Title:		Biodegradation of toluene using Candida tropicalis immobilized on polymer matrices in fluidized bed bioreactors
Author(s):		Song J; Namgung H; Ahmed Z;
Address:		"Department of Civil and Environmental Engineering, Sejong University, Kwangjin-gu, Seoul, 143-747, South Korea"
Journal Title:		J Hazard Mater
Year:		2012
Volume:		20120928
Issue:
Page Number:		316 - 322
DOI:		10.1016/j.jhazmat.2012.09.049
ISSN/ISBN:		1873-3336 (Electronic) 0304-3894 (Linking)
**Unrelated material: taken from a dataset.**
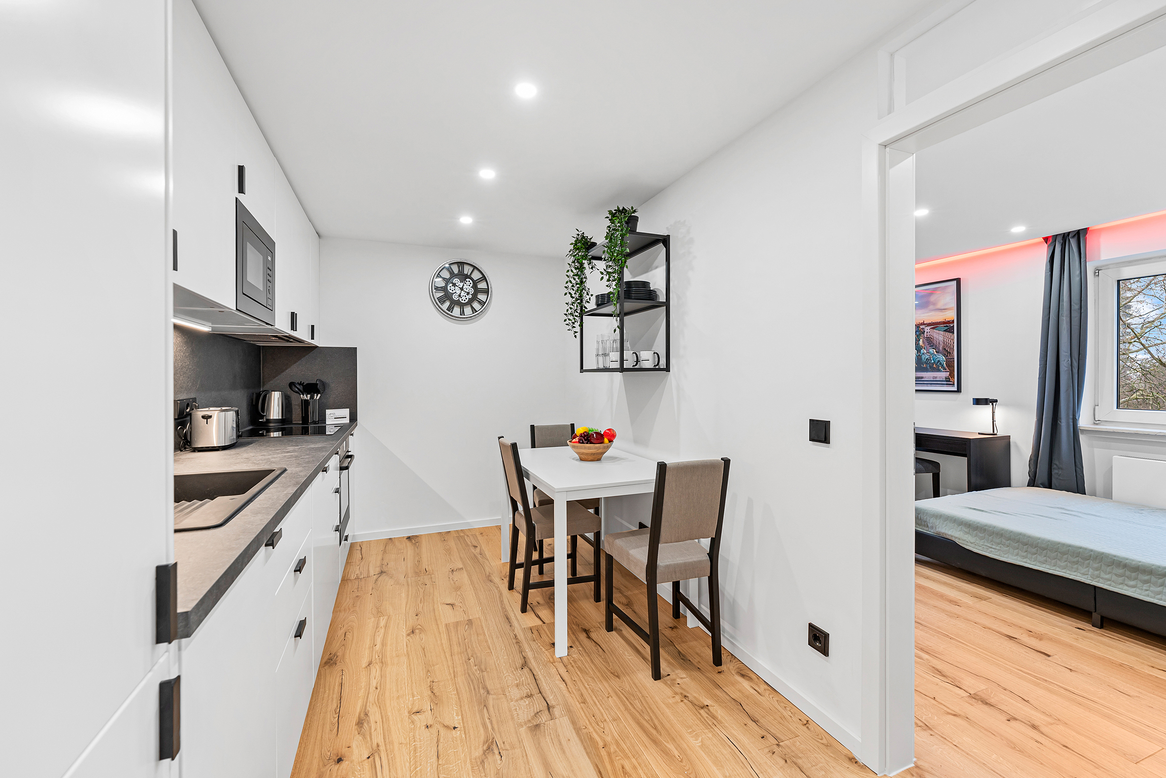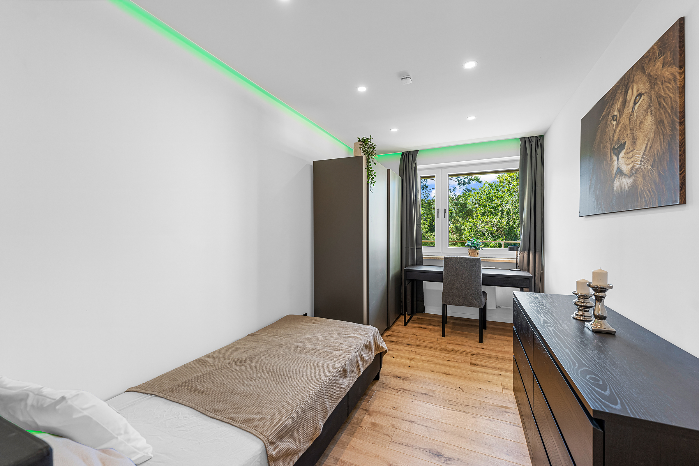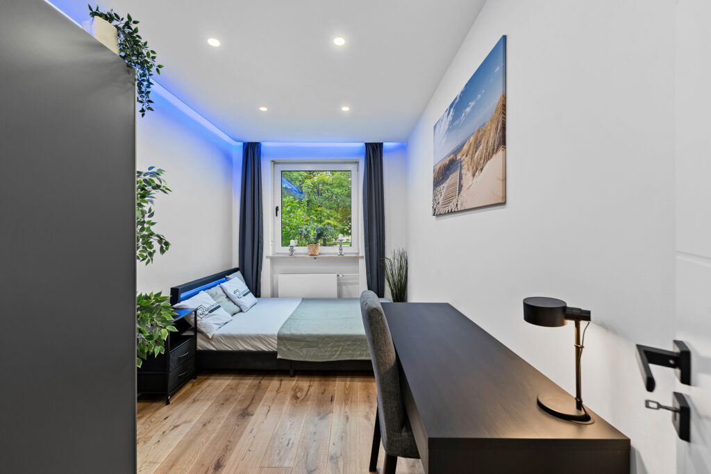 Alle Immobilien werden als hochwertiges Co-Living-Wohnkonzept realisiert und vollständig möbliert vermietet. Die aufwendige Sanierung sorgt für ein Wohngefühl, das sofort überzeugt: verklebtes Parkett mit warmer Anmutung, fein abgestimmte Lichtkonzepte mit LED-Spots und Schattenfugen, moderne Bäder mit großformatigen Fliesen und integrierten Ablagen sowie stilvoll ausgestattete Küchen. Das Ergebnis sind durchdachte, zeitgemäße Wohnräume mit hohem Anspruch.

Abstract:		"A yeast strain, Candida tropicalis, was whole-cell-immobilized on polymer matrices of polyethylene glycol (PEG) and polyethylene glycol/activated carbon/alginate (PACA). The polymer matrices were used as fluidized materials in bubble-column bioreactors for the biodegradation of toluene. Simultaneously, another bubble-column bioreactor using granular activated carbon (GAC) and a conventional compost biofilter were operated for comparison. In the compost biofilter, the toluene removal efficiency gradually deteriorated due to the limitation of microbial activity. The toluene removal in the GAC bioreactor was relatively high because of an increase of toluene mass transfer. However, low toluene removal efficiencies were observed in the PEG bioreactor, presumably because the synthetic polymer alone was not suitable for yeast cell immobilization. In the PACA bioreactor, toluene removal was found to be greater than 95% overall. The CO(2) yield coefficient calculated at the highest toluene loading condition for the PACA bioreactor was found to be higher than those observed in the other bioreactors. Furthermore, almost complete elimination capacities were observed in the PACA bioreactor at short-term toluene loading up to 180 g/m(3)/h. In conclusion, the immobilization of C. tropicalis in the PACA matrix resulted in enhanced toluene biodegradation because of the increases of both mass transfer and microbial activity"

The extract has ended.